» Work task: Below are lines of data; restate word for word those running from the line containing "本日の全校集会では、校長先生" to the line containing "Parker Greyson is", inclusive, and no others.

Dataset entries
__________

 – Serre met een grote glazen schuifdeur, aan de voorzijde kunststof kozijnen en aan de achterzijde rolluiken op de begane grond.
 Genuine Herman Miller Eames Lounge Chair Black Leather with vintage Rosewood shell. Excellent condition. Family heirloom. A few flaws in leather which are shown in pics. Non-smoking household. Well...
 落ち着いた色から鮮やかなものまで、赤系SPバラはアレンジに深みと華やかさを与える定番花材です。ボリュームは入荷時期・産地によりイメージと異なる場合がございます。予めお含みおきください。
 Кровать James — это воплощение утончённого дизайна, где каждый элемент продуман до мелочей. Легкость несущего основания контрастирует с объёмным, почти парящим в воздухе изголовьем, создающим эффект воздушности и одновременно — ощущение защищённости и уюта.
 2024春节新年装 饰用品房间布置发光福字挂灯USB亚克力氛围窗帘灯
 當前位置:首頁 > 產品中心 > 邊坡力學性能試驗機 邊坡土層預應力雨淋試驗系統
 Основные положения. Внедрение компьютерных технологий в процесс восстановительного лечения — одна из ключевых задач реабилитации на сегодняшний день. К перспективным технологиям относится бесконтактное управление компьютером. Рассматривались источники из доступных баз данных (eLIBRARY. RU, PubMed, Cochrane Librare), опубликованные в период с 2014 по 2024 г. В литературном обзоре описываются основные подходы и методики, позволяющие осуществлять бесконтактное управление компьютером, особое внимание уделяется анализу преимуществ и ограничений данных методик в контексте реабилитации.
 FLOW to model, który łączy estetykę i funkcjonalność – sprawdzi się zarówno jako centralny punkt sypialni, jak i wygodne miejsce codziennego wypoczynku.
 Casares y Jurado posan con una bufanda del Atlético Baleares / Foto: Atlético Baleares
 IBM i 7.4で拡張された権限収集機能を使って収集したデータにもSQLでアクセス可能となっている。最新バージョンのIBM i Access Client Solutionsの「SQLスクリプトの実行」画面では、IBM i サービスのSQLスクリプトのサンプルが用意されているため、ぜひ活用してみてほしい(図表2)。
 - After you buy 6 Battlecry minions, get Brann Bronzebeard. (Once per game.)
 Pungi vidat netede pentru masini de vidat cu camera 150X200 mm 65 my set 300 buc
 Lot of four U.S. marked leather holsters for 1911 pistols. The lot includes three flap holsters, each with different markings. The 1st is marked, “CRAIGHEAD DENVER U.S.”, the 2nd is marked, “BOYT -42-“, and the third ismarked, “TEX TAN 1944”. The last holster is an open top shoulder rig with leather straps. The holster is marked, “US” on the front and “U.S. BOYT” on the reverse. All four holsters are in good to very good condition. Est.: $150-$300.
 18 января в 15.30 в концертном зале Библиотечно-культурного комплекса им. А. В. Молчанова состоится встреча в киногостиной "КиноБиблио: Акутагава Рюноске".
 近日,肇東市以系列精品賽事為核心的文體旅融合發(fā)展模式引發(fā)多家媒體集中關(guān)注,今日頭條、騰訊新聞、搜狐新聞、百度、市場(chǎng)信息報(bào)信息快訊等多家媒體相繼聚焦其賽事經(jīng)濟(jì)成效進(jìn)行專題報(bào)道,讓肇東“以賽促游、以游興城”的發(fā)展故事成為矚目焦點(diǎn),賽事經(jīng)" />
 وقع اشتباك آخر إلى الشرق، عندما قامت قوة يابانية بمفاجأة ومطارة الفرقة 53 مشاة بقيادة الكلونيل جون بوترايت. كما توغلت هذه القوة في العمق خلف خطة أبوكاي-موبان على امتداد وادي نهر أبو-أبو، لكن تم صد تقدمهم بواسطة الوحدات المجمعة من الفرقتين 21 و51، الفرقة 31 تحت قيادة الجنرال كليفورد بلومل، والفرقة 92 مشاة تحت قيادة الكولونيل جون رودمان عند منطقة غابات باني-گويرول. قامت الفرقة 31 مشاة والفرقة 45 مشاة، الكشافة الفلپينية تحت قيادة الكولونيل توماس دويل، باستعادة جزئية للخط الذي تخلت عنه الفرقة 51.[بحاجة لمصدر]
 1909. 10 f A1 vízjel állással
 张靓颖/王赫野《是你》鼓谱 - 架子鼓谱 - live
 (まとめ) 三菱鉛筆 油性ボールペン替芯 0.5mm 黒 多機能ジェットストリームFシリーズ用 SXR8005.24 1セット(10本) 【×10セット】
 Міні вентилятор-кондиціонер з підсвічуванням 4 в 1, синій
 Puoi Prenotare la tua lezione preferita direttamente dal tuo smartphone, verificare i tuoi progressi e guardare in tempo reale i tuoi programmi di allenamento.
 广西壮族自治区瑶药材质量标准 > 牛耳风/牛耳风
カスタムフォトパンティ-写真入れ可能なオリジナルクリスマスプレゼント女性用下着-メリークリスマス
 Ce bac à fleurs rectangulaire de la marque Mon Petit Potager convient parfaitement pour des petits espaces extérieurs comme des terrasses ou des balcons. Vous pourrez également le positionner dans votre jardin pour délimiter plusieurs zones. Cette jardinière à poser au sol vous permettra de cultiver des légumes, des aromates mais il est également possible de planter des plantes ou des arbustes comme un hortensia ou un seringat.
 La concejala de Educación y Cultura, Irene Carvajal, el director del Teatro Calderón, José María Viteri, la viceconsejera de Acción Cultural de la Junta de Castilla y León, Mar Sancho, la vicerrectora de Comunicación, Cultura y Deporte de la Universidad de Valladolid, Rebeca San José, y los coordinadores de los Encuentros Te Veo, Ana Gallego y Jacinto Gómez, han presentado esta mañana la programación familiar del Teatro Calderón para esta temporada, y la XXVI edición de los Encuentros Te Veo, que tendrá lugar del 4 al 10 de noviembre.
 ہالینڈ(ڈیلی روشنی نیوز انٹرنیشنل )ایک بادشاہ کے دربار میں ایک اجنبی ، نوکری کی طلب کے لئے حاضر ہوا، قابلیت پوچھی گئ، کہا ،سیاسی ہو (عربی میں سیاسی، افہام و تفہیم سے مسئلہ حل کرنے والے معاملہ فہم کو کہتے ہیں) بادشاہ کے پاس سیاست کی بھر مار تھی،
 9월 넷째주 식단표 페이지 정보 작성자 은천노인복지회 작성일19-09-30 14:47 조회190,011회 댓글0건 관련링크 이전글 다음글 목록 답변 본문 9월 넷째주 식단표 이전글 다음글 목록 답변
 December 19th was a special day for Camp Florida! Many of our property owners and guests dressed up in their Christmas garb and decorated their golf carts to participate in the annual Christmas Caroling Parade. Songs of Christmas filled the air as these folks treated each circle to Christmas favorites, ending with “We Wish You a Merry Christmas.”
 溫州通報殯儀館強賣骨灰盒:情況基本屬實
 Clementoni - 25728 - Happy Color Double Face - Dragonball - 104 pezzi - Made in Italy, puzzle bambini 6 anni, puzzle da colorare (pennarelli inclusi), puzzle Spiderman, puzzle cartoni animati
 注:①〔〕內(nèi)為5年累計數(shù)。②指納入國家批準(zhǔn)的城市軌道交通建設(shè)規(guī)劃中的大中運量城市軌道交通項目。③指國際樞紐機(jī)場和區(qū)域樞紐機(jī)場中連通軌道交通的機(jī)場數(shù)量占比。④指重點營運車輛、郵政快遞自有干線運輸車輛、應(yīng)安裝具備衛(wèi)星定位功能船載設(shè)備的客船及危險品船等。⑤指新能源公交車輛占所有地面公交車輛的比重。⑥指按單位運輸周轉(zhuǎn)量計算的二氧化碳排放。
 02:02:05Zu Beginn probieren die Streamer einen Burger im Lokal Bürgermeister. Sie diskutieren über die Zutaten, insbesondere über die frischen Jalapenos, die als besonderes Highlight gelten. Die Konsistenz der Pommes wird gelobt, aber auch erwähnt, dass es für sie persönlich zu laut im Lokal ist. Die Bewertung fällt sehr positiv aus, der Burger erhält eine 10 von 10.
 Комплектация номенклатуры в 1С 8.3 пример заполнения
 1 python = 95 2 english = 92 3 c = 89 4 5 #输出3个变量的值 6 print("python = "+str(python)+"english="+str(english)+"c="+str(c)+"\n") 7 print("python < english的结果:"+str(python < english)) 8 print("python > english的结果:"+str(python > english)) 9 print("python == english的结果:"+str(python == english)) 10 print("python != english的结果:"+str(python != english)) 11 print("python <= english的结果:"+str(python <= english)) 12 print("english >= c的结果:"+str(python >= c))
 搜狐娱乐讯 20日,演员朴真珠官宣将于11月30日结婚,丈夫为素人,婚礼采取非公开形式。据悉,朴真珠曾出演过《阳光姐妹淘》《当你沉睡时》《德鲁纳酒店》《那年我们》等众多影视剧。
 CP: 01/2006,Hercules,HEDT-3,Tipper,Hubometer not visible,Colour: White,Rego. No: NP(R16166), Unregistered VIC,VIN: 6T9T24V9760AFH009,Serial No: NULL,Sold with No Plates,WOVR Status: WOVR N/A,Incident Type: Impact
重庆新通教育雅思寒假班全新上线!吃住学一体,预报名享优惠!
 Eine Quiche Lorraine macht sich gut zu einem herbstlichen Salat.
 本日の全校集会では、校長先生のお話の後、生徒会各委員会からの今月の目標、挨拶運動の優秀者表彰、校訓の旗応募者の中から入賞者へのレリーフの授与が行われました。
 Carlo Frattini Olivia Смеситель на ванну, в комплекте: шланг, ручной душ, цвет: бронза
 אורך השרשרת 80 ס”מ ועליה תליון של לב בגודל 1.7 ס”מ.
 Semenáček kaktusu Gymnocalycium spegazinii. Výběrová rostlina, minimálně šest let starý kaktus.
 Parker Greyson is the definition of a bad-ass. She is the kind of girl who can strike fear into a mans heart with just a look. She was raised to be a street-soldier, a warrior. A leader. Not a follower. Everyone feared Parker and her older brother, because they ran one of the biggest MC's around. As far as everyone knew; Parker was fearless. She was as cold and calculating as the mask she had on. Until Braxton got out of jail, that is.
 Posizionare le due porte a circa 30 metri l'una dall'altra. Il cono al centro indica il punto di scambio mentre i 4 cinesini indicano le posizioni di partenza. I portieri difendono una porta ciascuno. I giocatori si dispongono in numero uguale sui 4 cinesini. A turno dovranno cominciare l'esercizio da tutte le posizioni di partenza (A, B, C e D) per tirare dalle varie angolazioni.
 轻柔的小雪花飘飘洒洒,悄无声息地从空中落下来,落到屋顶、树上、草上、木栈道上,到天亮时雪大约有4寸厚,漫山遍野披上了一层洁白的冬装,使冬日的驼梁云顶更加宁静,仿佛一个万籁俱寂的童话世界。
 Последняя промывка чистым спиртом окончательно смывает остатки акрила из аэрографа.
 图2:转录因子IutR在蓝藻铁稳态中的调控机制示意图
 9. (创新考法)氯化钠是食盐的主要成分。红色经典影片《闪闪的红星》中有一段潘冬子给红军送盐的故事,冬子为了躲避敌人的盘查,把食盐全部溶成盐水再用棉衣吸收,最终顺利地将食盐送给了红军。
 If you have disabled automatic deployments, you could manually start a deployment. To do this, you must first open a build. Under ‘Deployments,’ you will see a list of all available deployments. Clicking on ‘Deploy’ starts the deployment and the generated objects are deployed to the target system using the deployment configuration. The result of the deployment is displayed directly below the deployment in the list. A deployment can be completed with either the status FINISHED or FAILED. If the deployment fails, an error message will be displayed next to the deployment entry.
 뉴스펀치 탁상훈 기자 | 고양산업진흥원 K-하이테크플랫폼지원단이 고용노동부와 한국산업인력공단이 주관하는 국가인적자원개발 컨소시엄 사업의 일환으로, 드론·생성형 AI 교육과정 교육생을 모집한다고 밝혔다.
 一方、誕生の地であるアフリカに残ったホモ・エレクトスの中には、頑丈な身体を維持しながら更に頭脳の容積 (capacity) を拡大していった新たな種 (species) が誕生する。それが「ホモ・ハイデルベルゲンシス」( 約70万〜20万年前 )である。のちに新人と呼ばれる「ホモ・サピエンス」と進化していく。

__________

» Your solution:
 本日の全校集会では、校長先生のお話の後、生徒会各委員会からの今月の目標、挨拶運動の優秀者表彰、校訓の旗応募者の中から入賞者へのレリーフの授与が行われました。
 Carlo Frattini Olivia Смеситель на ванну, в комплекте: шланг, ручной душ, цвет: бронза
 אורך השרשרת 80 ס”מ ועליה תליון של לב בגודל 1.7 ס”מ.
 Semenáček kaktusu Gymnocalycium spegazinii. Výběrová rostlina, minimálně šest let starý kaktus.
 Parker Greyson is the definition of a bad-ass. She is the kind of girl who can strike fear into a mans heart with just a look. She was raised to be a street-soldier, a warrior. A leader. Not a follower. Everyone feared Parker and her older brother, because they ran one of the biggest MC's around. As far as everyone knew; Parker was fearless. She was as cold and calculating as the mask she had on. Until Braxton got out of jail, that is.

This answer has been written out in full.